In the past, donors have also tried to dig wells in the affected areas as a long-term solution to the water shortage problem, but most of these attempts have failed. (Legend has it that during his travels in Shan State, a thirsty Burmese king asked the local people for water. But his request was ignored. Furious at being rebuffed, he cursed the people to a life in which they would never have enough water.)
Kyaw Tun, a Rangoon-based geologist, said that it is difficult to extract underground water in Shan State because of the overwhelming presence of limestone and the fact that water can really only be detected through cracks in rocks below ground.
“If you don’t have the technology made available through geophysics, it’s quite painstaking to extract water [in Shan State] because you don’t know where the water is. You have to dig well after well until you finally find it,” Kyaw Tun said.

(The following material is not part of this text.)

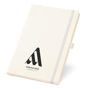Descrição: Caderno A5 de capa dura com 160 páginas pautadas em cor marfim, suporte para caneta esferográfica (não inclusa) e bolso interior. 137 x 210 mm

The Brighter Future Myanmar Foundation took on this financial risk, spending between 7 and 15 million kyats (between US$6,360 and $13,630) for each well.
“Out of 110 wells, only 71 have been successful,” said BFM project manager Kyaw Soe.
Founded by KBZ Bank in 2008, BFM is active nationwide in disaster relief, women’s empowerment and community development, though it is mostly known for its attempts to distribute water, drill wells and build community water tanks primarily in southern Shan State. The foundation recently spent $1.5 million to buy its own drilling machine.
Nang Lang Kham, director of the foundation, said the project is the brainchild of her father Aung Ko Win, chairman of KBZ Bank, who experienced water shortages as a school teacher in Bawsai, a lead-mining area in southern Shan State.
The chairman drilled the community’s first well in the summer of 2014, and it still distributes water to the local community there.
“Emboldened by a successful first attempt as well as by requests from people from hard-hit villages, we continue doing this work,” Nang Lang Kham said. The 27-year-old added that parents in the villages are encouraged to stress to their children not to take water for granted.
“I don’t want children to have the impression that water just comes from the tap. I want them to value and use this water effectively,” she explained.
Yet Nang Lang Kham admitted that merely reacting to water shortage by distributing water and drilling wells was not a durable, long-term solution to a perennial problem.
“I want to go beyond this and create sustainability,” she said, explaining that, for instance, she would like for the foundation to “re-charge” underground water by growing trees and engaging in other forms of environmental conservation with similarly like-minded groups.
While the foundation primarily focuses on rural areas, its projects have sought to create ripple effects in cities such as the Shan State capital Taunggyi, where, according to the city administration office, water can only be supplied to 50 percent of the city’s population.
On a recent evening, people were queuing at the foundation’s community water taps that snake around the slopes of the capital’s Sein Pan and Shwe Taung quarters, where most of the city’s 8,000 residents live. Community leader-turned-Buddhist monk U Khemar Nanda remembers that, back in 2004, similar throngs of people would assemble at his monastery during the summer to retrieve water from the tap connected to a well.
Some 12 years later, that tap is now deserted. Since last year, the foundation has been pumping water up from the ground and into community water tanks, then distributing water from the reservoirs to people twice a day.
“This is a merit that these donors can be proud of for the rest of their lives. They did something really good for many people,” U Khemar Nanda said.
For Nang Lang Kham, this merit is tied to a sense of service to the community, which she said is in “the bloodline of KBZ.”
“A lack of interest in the community where you run your business doesn’t do any good. If you want to exist in that community, you yourself have to be in that community,” she said.